Parlem de llibertat d'expressió.





Si hablamos de libertad de expresión, la obra de referencia es Sobre la libertad,de John Stuart Mill, que defiende que el debate público de ideas es indispensable y que no podemos silenciar las que no nos gustan solo porque nos parezcan equivocadas o repugnantes, y eso incluye los documentales que aún no hemos visto:

‌Primero, porque podríamos estar equivocados.

‌Segundo, porque incluso si no lo estamos, la opinión que intentamos silenciar podría tener algo de verdad y estaríamos renunciando a ella.

‌Tercero, porque en el peor de los casos sometemos la verdad a escrutinio público: si nuestras ideas aguantan este debate, salen fortalecidas. En caso contrario, corren el riesgo de convertirse en dogmas que repetimos como loros.
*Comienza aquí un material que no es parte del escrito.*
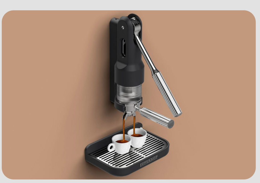
SUPERKOP espresso maker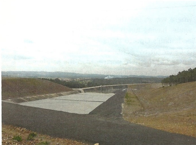
A landfill in Portugal that is yet to be filled with waste.

A landfill is a site for the disposal of waste materials by burial and is the oldest form of waste treatment. Today much of the waste can be reclaimed by using different methods, basically burning some materials for energy and recovering others.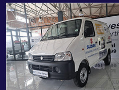
2024 SUZUKI EECO 1.2 P/V M/T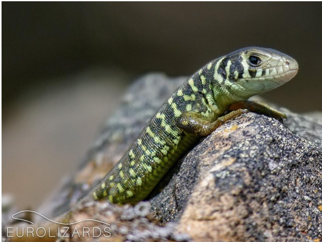
Juvenile: E / Truchas (León), 04.09.2011 - Juveniles can be identified by the light stripes crossing the flanks.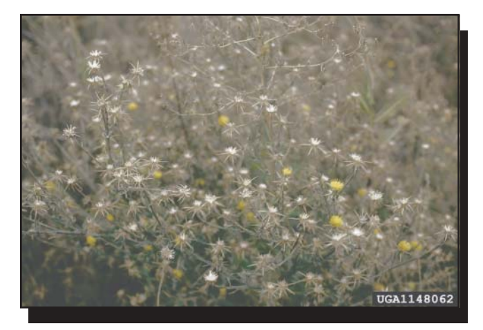
Figure 6—The spines on the seed heads of this yellow star thistle show how it received its common name.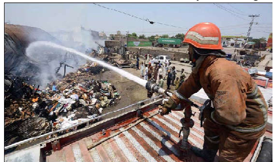
PESHAWAR: Rescue 1122 worker using water gun to douse fire in a cargo godown near Ring road.

The delegation from Diamer was particularly interested in understanding the strategies employed by the Baltistan region in promoting sustainable development and community well-being.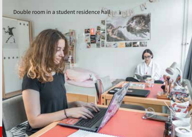
Double room in a student residence hall

Training in and completion of independent research related to major (fourth year)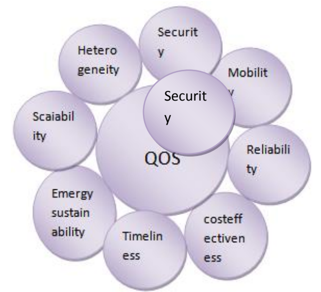
Figure III: Quality of Services(QoS) attributes 3.1.3 Price assisted res/rep management:

A single OoS request of customers, Harmony allows a client to implement resource selection with joint consideration of various QoS requests, such as reputation, efficiency, distance, and price, with different priorities. The difficult is how to consider different or combined QoS attribute, and a customer's most wanted priority of the attributes in provider collection. Harmony solves the problem by joining all attribute values and a client's considered attribute priority into an overall QoS metric. Similarly, Harmony develops a list of QoS attributes. It involves nodes to give evaluations for each QoS element and overall QoS for a source package in addition to the repute for a server. As the reputation response, the QoS ratings are also collected at the directory node of the only if resource of the server. The overall QoS is actually a result of the joint power from the QoS elements. However, it is not easy to identify how the changed features impact the overall OoS. Harmony depends on a neural network to find out the stimulus load of each attribute on the overall OoS value, and further considers users' attribute respect priority. A neural network can be used to derive meaning from complex data, extract forms and detect trends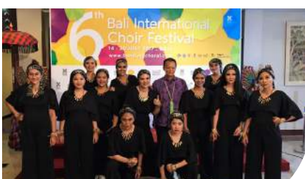
CoM UPH Students in BICF 2017

UPH Representative at Bali International Choir Festival (BICF) 2017, took home 5 gold obtained from UPH Choir team, 3 gold medal and Voxcom Femme Conservatory of Music UPH team donated 2 gold medals.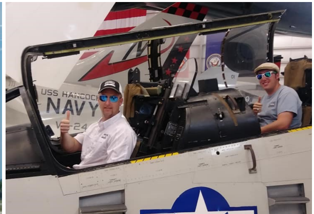
National Naval Aviation Museum, Pensacola, Florida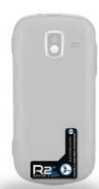
Samsung SCH-u485 Position on Back Bottom/Center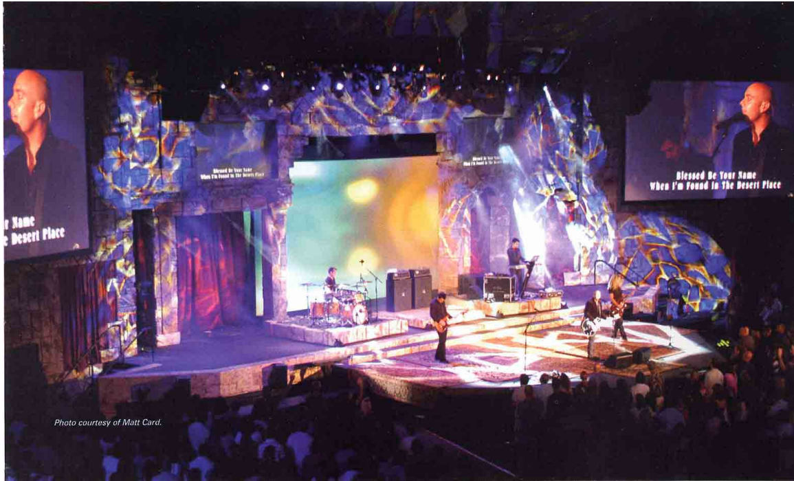
Illustration D.4 Megachurches often generate a strong word-of-mouth reputation for the high quality level of their worship services. Fellowship Church , just north of Dallas, is a Southern Baptist congregation that started in 1989 with 30 families and in 2006 was drawing 20,000 people each weekend. It spends 42% of its budget on staff and depends on 1,300 volunteers to develop the worship services and support programs needed each weekend.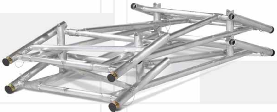
SC9600 Collapsible Bridge Support – Collapsed and Stacked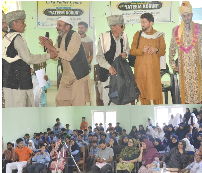
The event concluded with enthusiastic applause from the audience for the meaningful presentation and outstanding performances.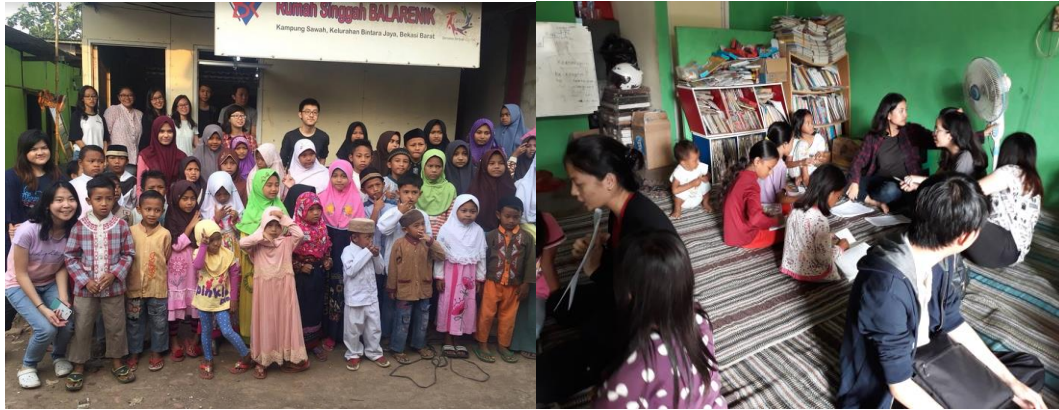
Figure 6 Documentation of Balarenik Shelter Tutoring Activities

As a form of TFI's commitment to improve the quality of Indonesian education, in 2018 TFI continues to expand the range of tutoring through cooperation with the Balarenik shelter in the Bekasi area. Routine tutoring activities are supported by voluntary students who are providing instruction to children.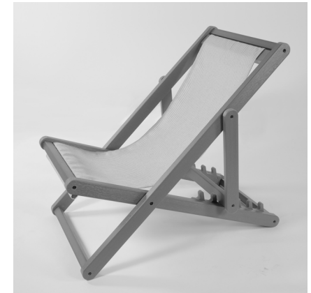
8) Enjoy your Arabella chair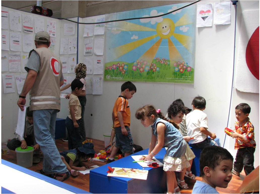
Iraqi refugee children being looked after by a volunteer of the Syrian Arab Red Crescent Society while their families are waiting to be registered with UNHCR in Damascus, Syria, © AI, June 2007

thirds of the 33,000 were attending schools in Greater Damascus. There are 5.3 million children attending schools in Syria nationwide.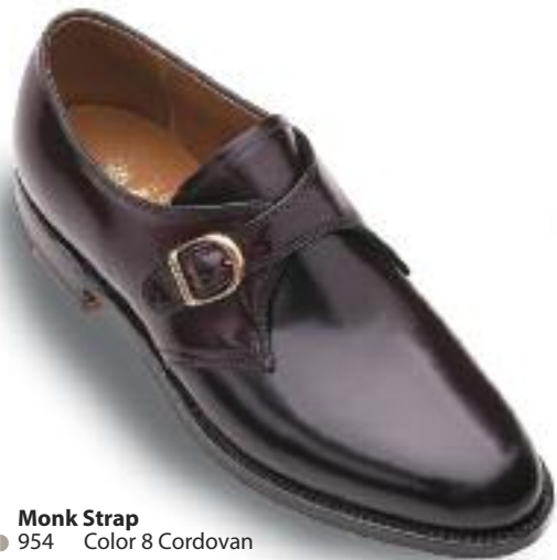
Monk Strap 954 Color 8 Cordovan

Aberdeen Last Single oak leather outsoles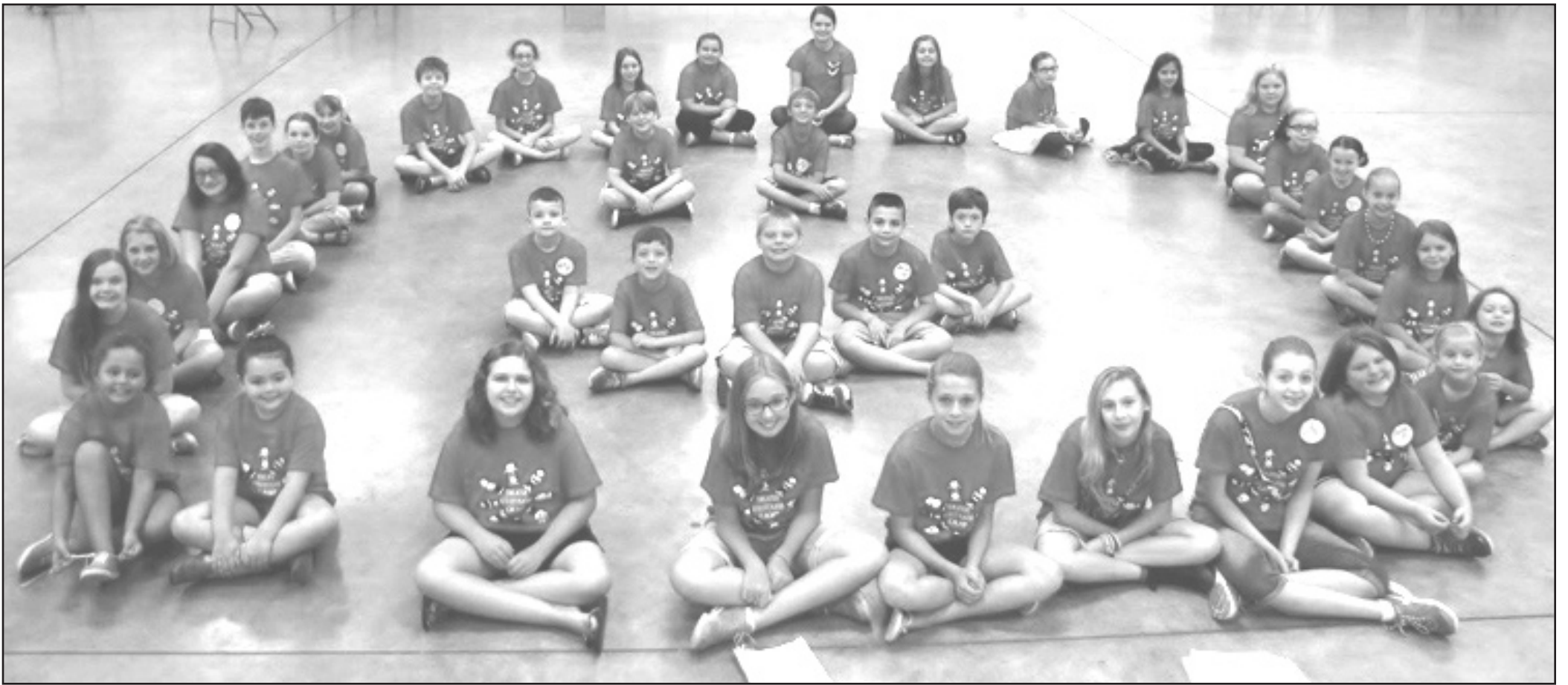
River City Players hosted their annual camp for youngsters last week. This year's camp was well attended and it was called "Telling Estill County's Story." The camp concluded with the group performing a short play "Nothing To Do In This Town," written by Donna Crowe. The play will be expanded and River City Players will perform the larger version of it on September 4.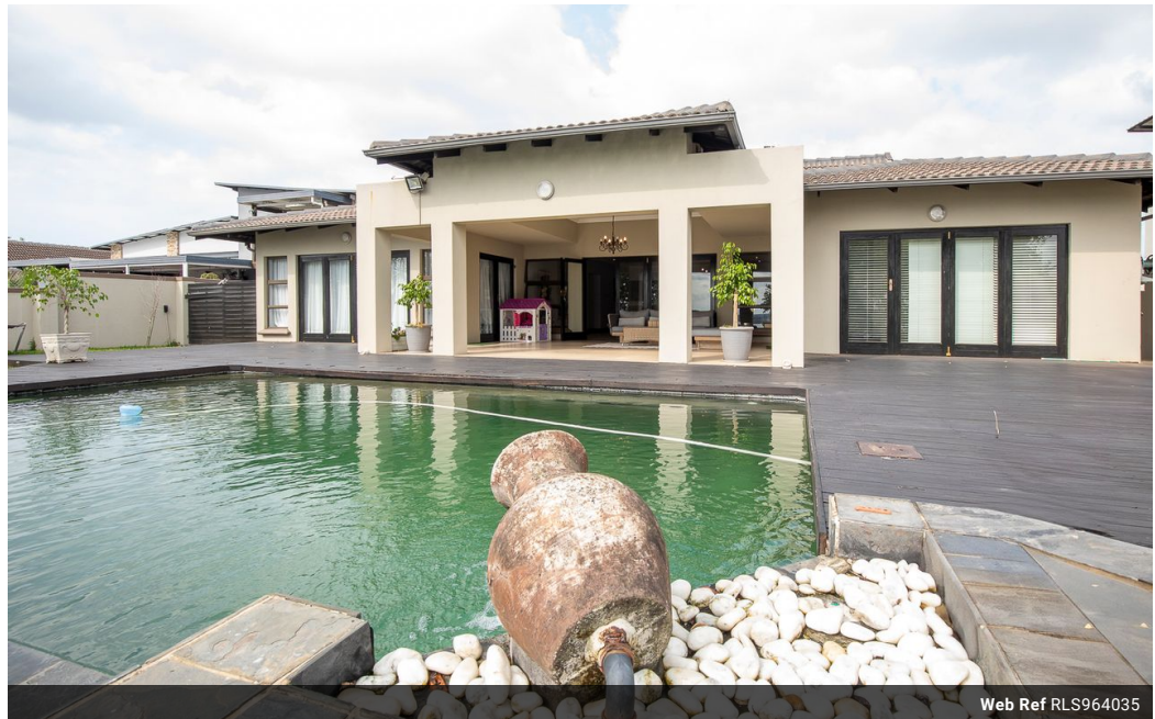
Web Ref RLS964035

Lira Link Rd, Unit 2 Montego Park, Richards Bay Central, Richards Bay, 3900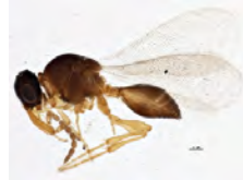
[Lateral] Platygasteridae BIN URI: BOLD:ACE3998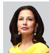
Ritu Beri Indian Fashion Designer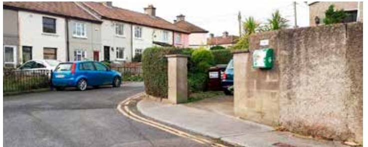
Defibrillator in place in Eden Villas

‌Da igual lo absurdo o minoritario que nos parezca un planteamiento: “Si toda la humanidad, menos uno, fuera de la misma opinión y solo una persona de la contraria, la humanidad no estaría más justificada en silenciar a esa persona que él, si tuviera ese poder, estaría justificado en silenciar a la humanidad”.

‌Los argumentos de Mill son consecuencialistas: el filósofo defiende la libertad de expresión por sus efectos. Otros, como Kant, lo hacen desde un punto de vista deontológico y creen que la libertad de expresión es un derecho que tenemos como personas autónomas e independientes. De modo similar, Spinoza defendía en su Tratado Teológico-Político (1670) que “en un estado libre todo el mundo debería poder pensar lo que quiera y decir lo que piense”. Cualquier régimen que violara este “derecho natural” sería tiránico. Como recuerda de Jacob MacHangama en Free Speech, Spinoza también hizo una distinción entre las acciones y el discurso: solo las acciones pueden estar sujetas a la acción del gobierno”.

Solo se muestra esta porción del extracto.